Thank you, DAN!

My last few weeks here at DAN have been busy wrapping up projects, cramming in as much diving as possible, and saying tough goodbyes.

One of my final projects here was reviewing existing videos and identifying needed changes based on the revised course content from our earlier edits for global use. The next step was to create storyboards for filming updated videos for the Diving First Aid for Professional Divers (DFA Pro) course. Storyboarding is the art of creating an outline for a video or film using illustrations of main scenes and shots for the video.

I learned how to storyboard by researching how Walt Disney developed storyboarding for his films. Disney was the first to use the storyboarding practice, and it is still used today to plan films. Apparently, Disney said something along the lines of not needing to be a great artist to be a great storyboarder, only needing to be able to get a point across. While I enjoy art, I believe I have really embodied that saying in my storyboard work. They aren’t beautiful sketches, but it depicts how we want the films to look and highlights the important changes. This is beneficial in making the filming process more efficient and easier so the videographers and actors know how the scenes should play out. I won’t be around for the video shoot, but I look forward to seeing the changes posted in version 3.0 of DFA Pro in elearning.

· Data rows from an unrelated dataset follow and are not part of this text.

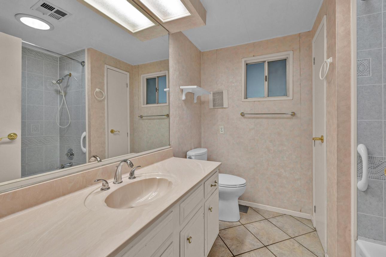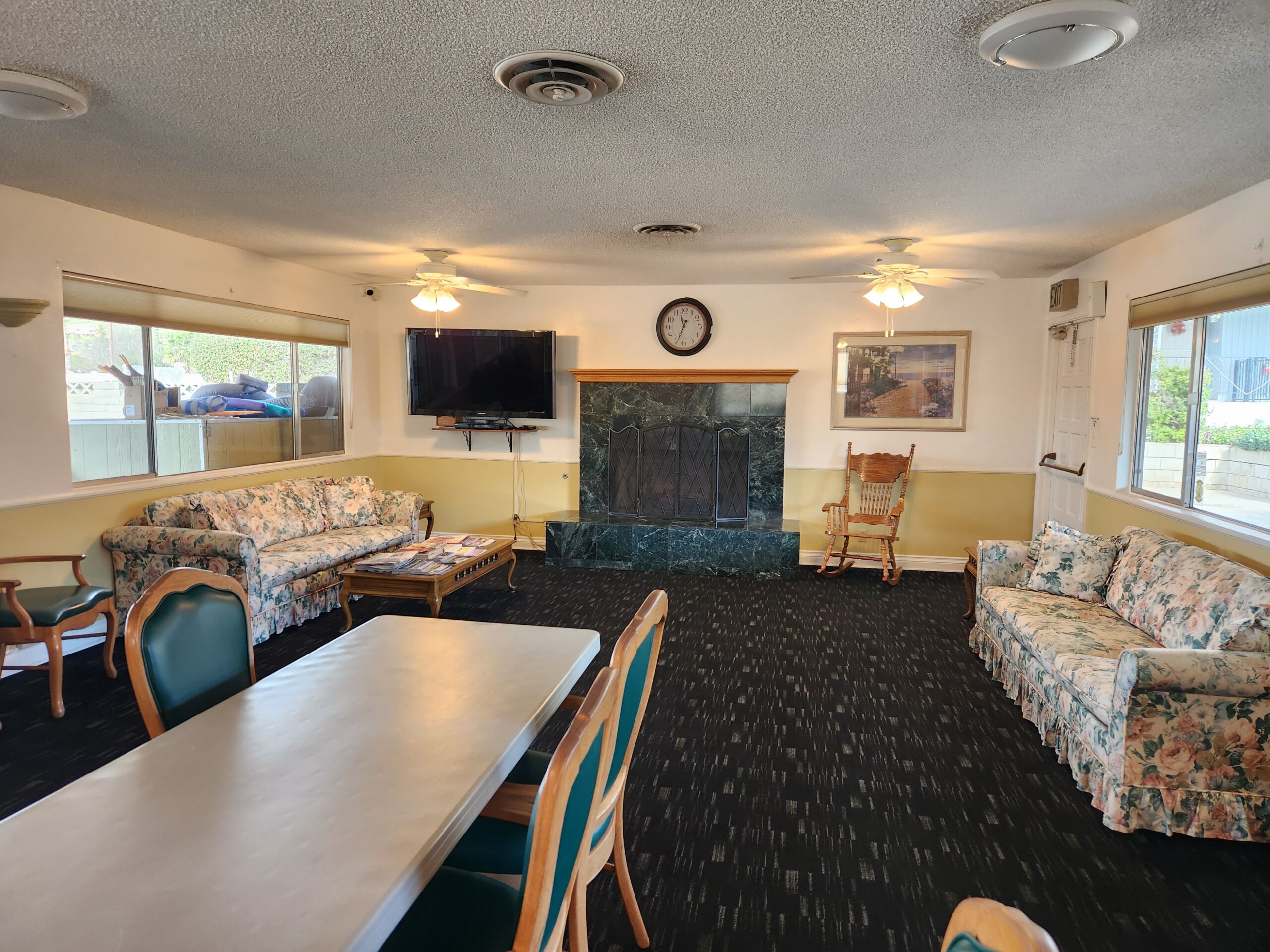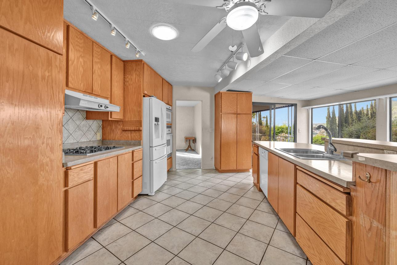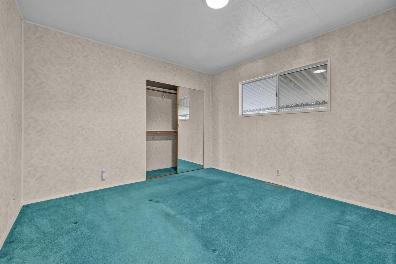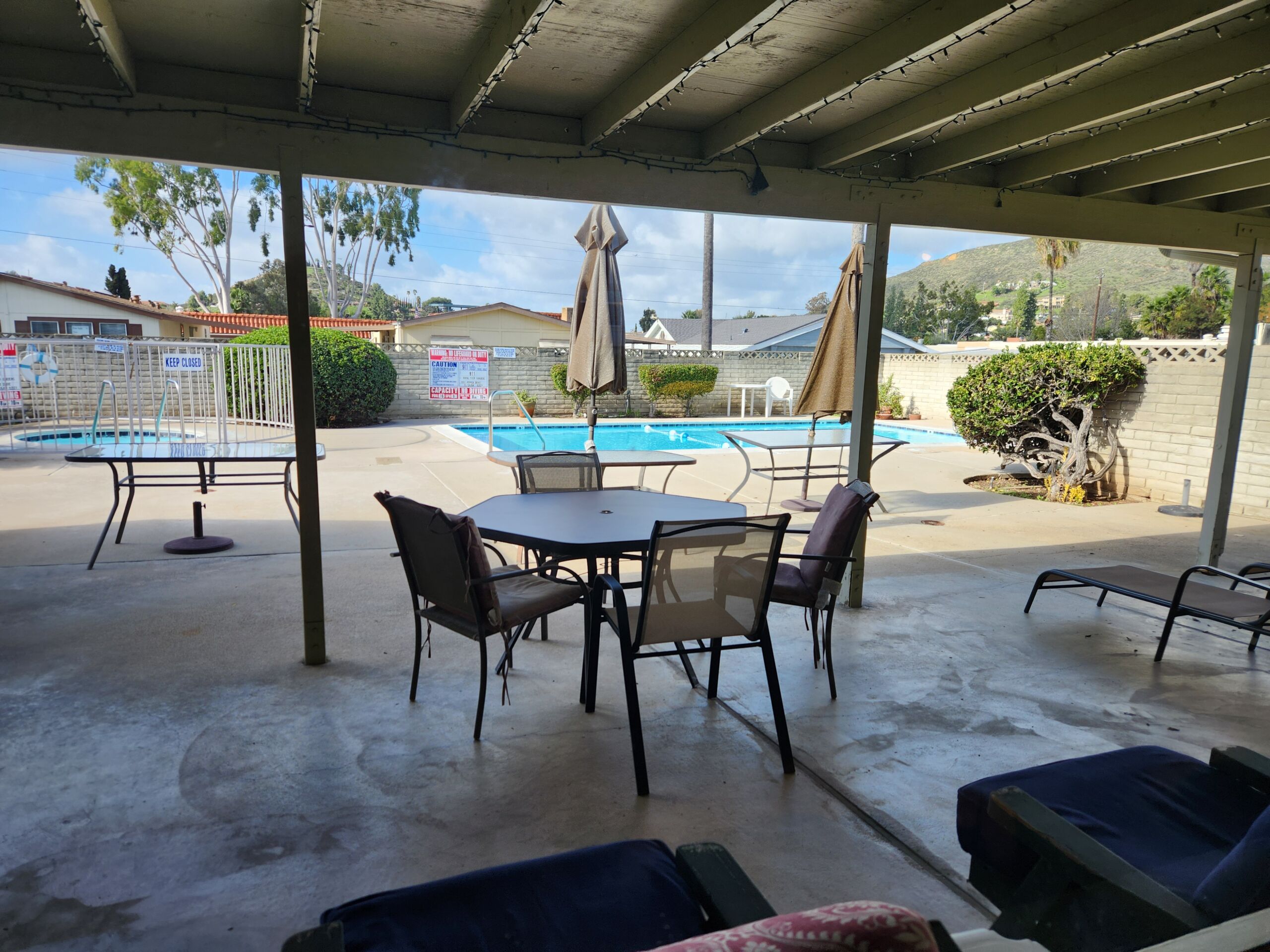 The home’s location is Royal, the Views are expansive, and the Garden is both private and peaceful. Royal View Gardens is one of East County’s most desirable 55+, gated, Resident Owned communities. Sited at the very top of the park is this palatial Goldenwest mobile home with over 1400 sf of living space. The enclosed Calif. room and expanded family room provide an additional 480 sf of added space. One of the largest lots in the park features mature landscaping, fruit trees, a fenced area for a pet, and privacy hedges, all on an automated irrigation system. The spaciously designed kitchen features a 10-foot island with bar seating, double sink, and a stainless-steel Bosch dishwasher. Custom cabinets surround the gas cooktop, stainless steel refrigerator, built in wall oven, matching microwave, and two full height pantries. A wall of windows allows natural light and views to flood this open and inviting space. Just off the kitchen is a covered porch and large patio area. The home features five skylights, a separate laundry with full size washer/dryer, a newer hot water heater, central HVAC, and window AC. The large primary suite offers a ceiling fan, walk-in closet, a bonus closet, and an attached bath with step in shower. Spacious guest bedroom with step-in closet next to the guest bathroom with updated tub/shower. Buy-in $6200, HOA fee is $662.01/month includes access to a sparkling pool, jacuzzi, well-kept grounds, dog park, clubhouse, full kitchen. Home is on annual registration!
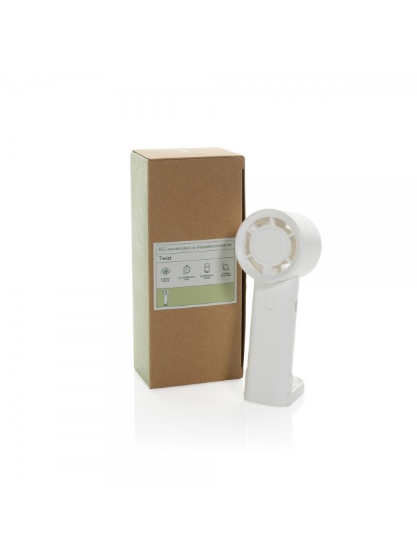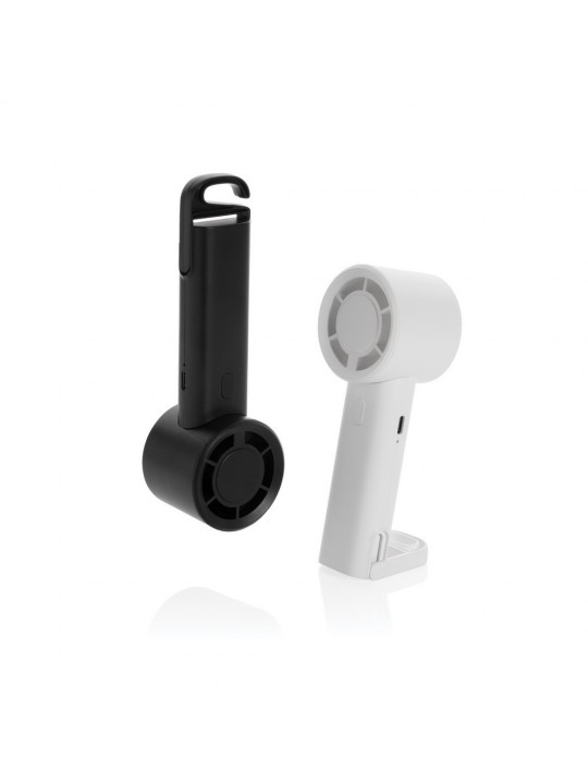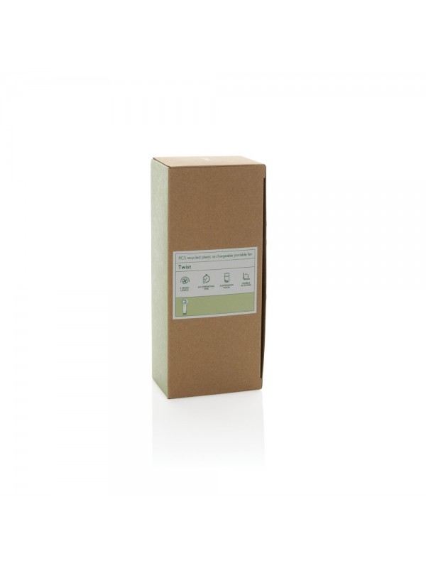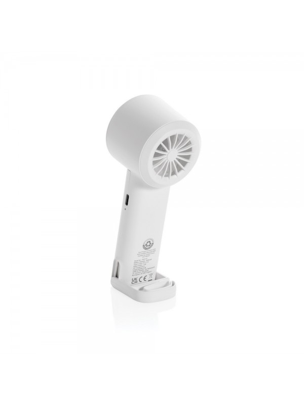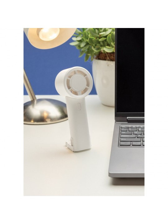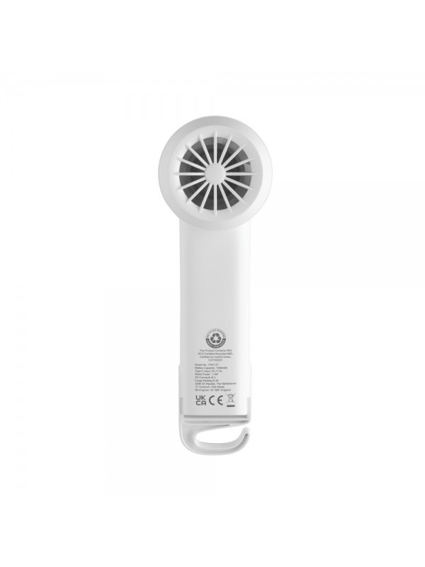 Wentylator kieszonkowy, wykonany z ABS z recyklingu, do 6 godzin działania na jednym ładowaniu, kabel w komplecie, całkowita zawartość materiałów z recyklingu obliczona na podstawie masy całkowitej produktu: 35%
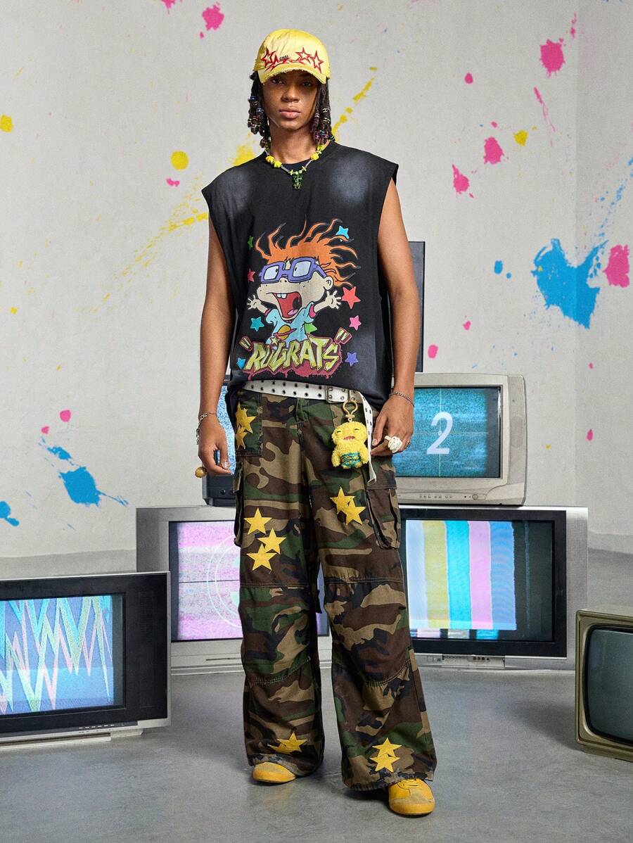 Nick 90's X ROMWE Camiseta de tirantes con estampado de dibujos animados lavada en nieve para hombre, apta para uso diario
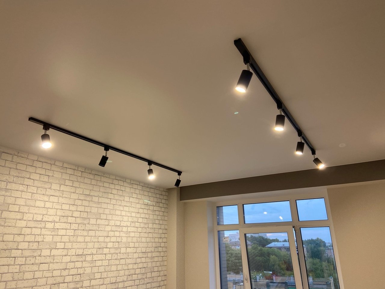 Потолок с трековыми светильниками
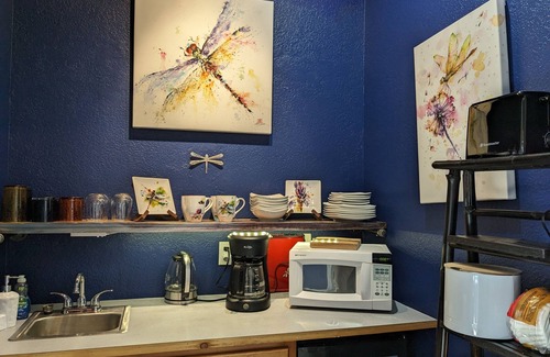 Stroll the property, photograph nature or just sit by one of Dragonfly's ponds.Over 10,000 gallons flow through the ponds continuously. Catch the sunrise or sunset over a pond as Koi swim beneath.
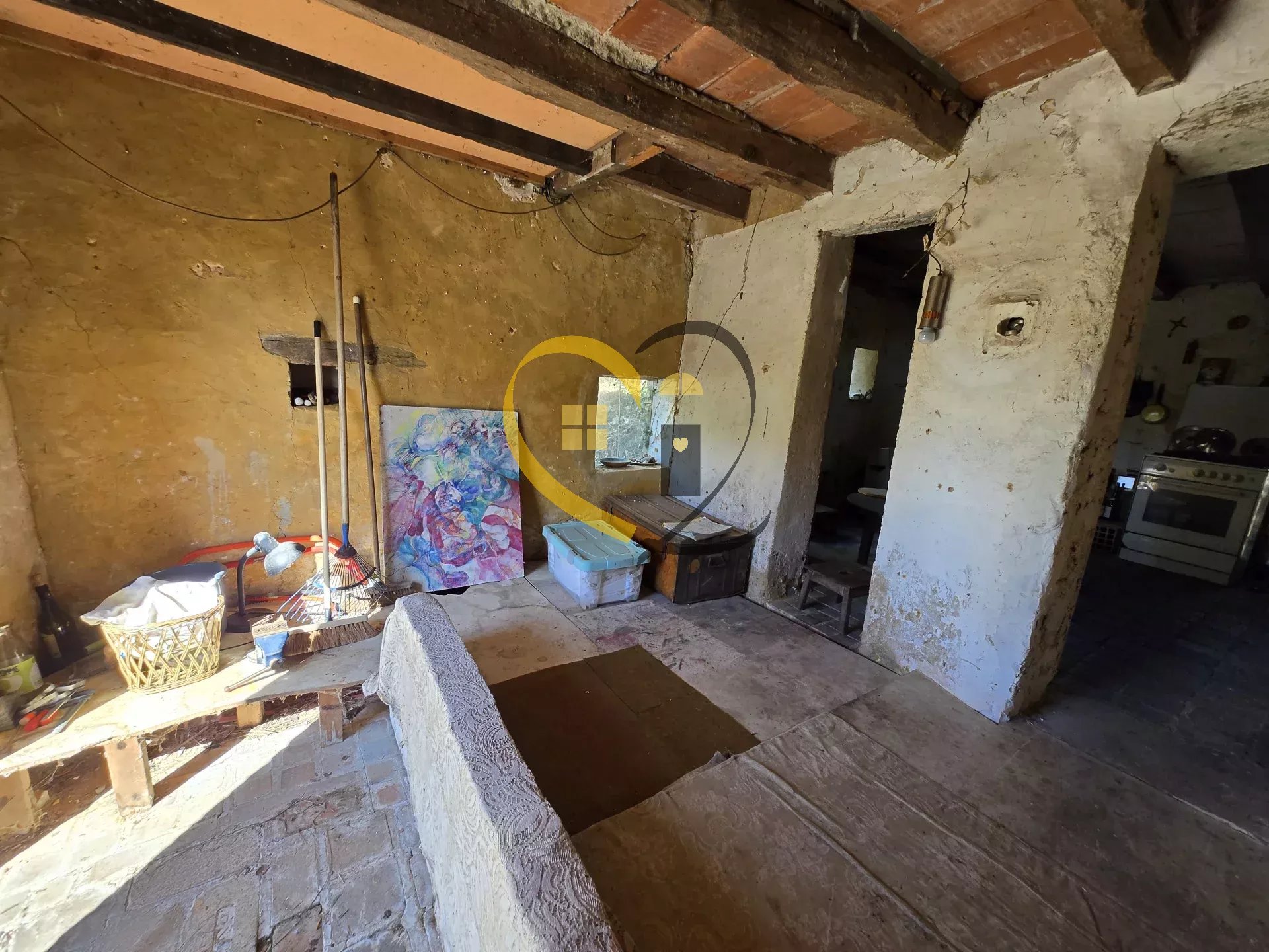 Composée de 3 pièces principales (entrée, salon, salle à manger, cuisine, buanderie et grenier), cette bâtisse est actuellement inhabitable en l'état. Prévoir une rénovation complète, notamment l’installation d’un système d’assainissement.

My storyboard for relieving a foreign body airway obstruction (severe choking) on an adult.

This image shows the storyboard for the adult foreign body airway obstruction video. Based on the combination of first aid guidelines from various national first aid organizations, we needed to incorporate changes into the videos as well. The new version of DFA Pro will teach three techniques for relieving a foreign body airway obstruction, which includes abdominal thrusts, chest thrusts, and back blows. This can be seen in the storyboard in the last 4 panels.

This week, the other interns and I gave presentations on our work this summer for the DAN Public Lecture Series. I also presented to the DAN staff on my final day, and they even threw me an ice cream party! Well, I am sure they would have had the ice cream party anyway, but excuses always help.

As my time here at DAN comes to an end, I would like to reflect on the things I have learned this summer.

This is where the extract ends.